Writing Equations of Hyperbolas

In analytic geometry, a hyperbola is a conic section formed by intersecting a right circular cone with a plane at an angle such that both halves of the cone are intersected. This intersection produces two separate unbounded curves that are mirror images of each other. See Figure 2.

Figure 2 A hyperbola

Like the ellipse, the hyperbola can also be defined as a set of points in the coordinate plane. A hyperbola is the set of all points $(x,y)$ in a plane such that the difference of the distances between $(x,y)$ and the foci is a positive constant.

Notice that the definition of a hyperbola is very similar to that of an ellipse. The distinction is that the hyperbola is defined in terms of the difference of two distances, whereas the ellipse is defined in terms of the sum of two distances.

As with the ellipse, every hyperbola has two axes of symmetry. The transverse axis is a line segment that passes through the center of the hyperbola and has vertices as its endpoints. The foci lie on the line that contains the transverse axis. The conjugate axis is perpendicular to the transverse axis and has the co-vertices as its endpoints. The center of a hyperbola is the midpoint of both the transverse and conjugate axes, where they intersect. Every hyperbola also has two asymptotes that pass through its center. As a hyperbola recedes from the center, its branches approach these asymptotes. The central rectangle of the hyperbola is centered at the origin with sides that pass through each vertex and co-vertex; it is a useful tool for graphing the hyperbola and its asymptotes. To sketch the asymptotes of the hyperbola, simply sketch and extend the diagonals of the central rectangle. See Figure 3.

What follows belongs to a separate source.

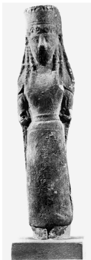
Fig. 2: FAEDO 1970, tav. I, 2.

Per quanto concerne la resa dei riccioli a spirale sulla fronte, un trattamento del tutto analogo alla statuetta di fig. 2 si riscontra in un'altra testina pubblicata da Gàbrici 51 (fig. 4), che presenta anche una resa decorativa, a piccole perle, delle ciocche ai lati del collo. Il confronto con un sigillo laconico a testa femminile del 640-630 a.C. 52 , non dissimile nella resa dei tratti del volto, con tratti aguzzi e mento quadrato, può suggerire per la testina un richiamo all'ambito laconico. Nello stesso clima stilistico, anche se con un trattamento molto più accurato, si può collocare la figura posta su un'arula fittile frammentaria sempre proveniente dal santuario della Malophoros 53 . La stretta somiglianza tra la resa facciale dei due pezzi rende verosimile l'ipotesi che siano entrambi tratti dalla stessa matrice.

Figure 3 Key features of the hyperbola

In this section, we will limit our discussion to hyperbolas that are positioned vertically or horizontally in the coordinate plane; the axes will either lie on or be parallel to the $x$- and $y$-axes. We will consider two cases: those that are centered at the origin, and those that are centered at a point other than the origin.

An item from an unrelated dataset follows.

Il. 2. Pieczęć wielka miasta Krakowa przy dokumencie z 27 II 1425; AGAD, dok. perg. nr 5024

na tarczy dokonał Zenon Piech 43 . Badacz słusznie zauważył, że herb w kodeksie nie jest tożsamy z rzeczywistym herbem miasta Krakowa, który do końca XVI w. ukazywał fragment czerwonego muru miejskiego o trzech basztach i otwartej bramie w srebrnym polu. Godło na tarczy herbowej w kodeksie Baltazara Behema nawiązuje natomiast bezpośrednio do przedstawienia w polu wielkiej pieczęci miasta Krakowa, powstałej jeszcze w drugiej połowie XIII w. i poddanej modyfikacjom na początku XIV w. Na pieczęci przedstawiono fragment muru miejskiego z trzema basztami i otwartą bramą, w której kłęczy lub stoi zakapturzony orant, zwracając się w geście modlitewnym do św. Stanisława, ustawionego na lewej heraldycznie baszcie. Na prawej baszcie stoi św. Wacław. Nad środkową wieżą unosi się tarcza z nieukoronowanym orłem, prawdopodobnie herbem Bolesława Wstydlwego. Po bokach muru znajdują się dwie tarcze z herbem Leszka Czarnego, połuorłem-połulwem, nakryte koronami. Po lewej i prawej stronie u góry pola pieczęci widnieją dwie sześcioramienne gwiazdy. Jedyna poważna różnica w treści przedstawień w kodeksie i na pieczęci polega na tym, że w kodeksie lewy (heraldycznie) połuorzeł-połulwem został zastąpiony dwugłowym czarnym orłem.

Deriving the Equation of a Hyperbola Centered at the Origin

Let $(−c,0)$ and $(c,0)$ be the foci of a hyperbola centered at the origin. The hyperbola is the set of all points $(x,y)$ such that the difference of the distances from $(x,y)$ to the foci is constant. See Figure 4.

Figure 4

If $(a, 0)$ is a vertex of the hyperbola, the distance from $(-c, 0)$ to $(a, 0)$ is $a-(-c)=a+c$. The distance from $(c, 0)$ to $(a, 0)$ is $c-a$. The difference of the distances from the foci to the vertex is

$(a+c)-(c-a)=2 a$

If $(x, y)$ is a point on the hyperbola, we can define the following variables:

$\begin{aligned} &d_{2}=\text { the distance from }(-c, 0) \text { to }(x, y) \\ &d_{1}=\text { the distance from }(c, 0) \text { to }(x, y) \end{aligned}$

By definition of a hyperbola, $d_{2}-d_{1}$ is constant for any point $(x, y)$ on the hyperbola. We know that the difference of these distances is $2 a$ for the vertex $(a, 0)$. It follows that $d_{2}-d_{1}=2 a$ for any point on the hyperbola. As with the derivation of the equation of an ellipse, we will begin by applying the distance formula. The rest of the derivation is algebraic. Compare this derivation with the one from the previous section for ellipses.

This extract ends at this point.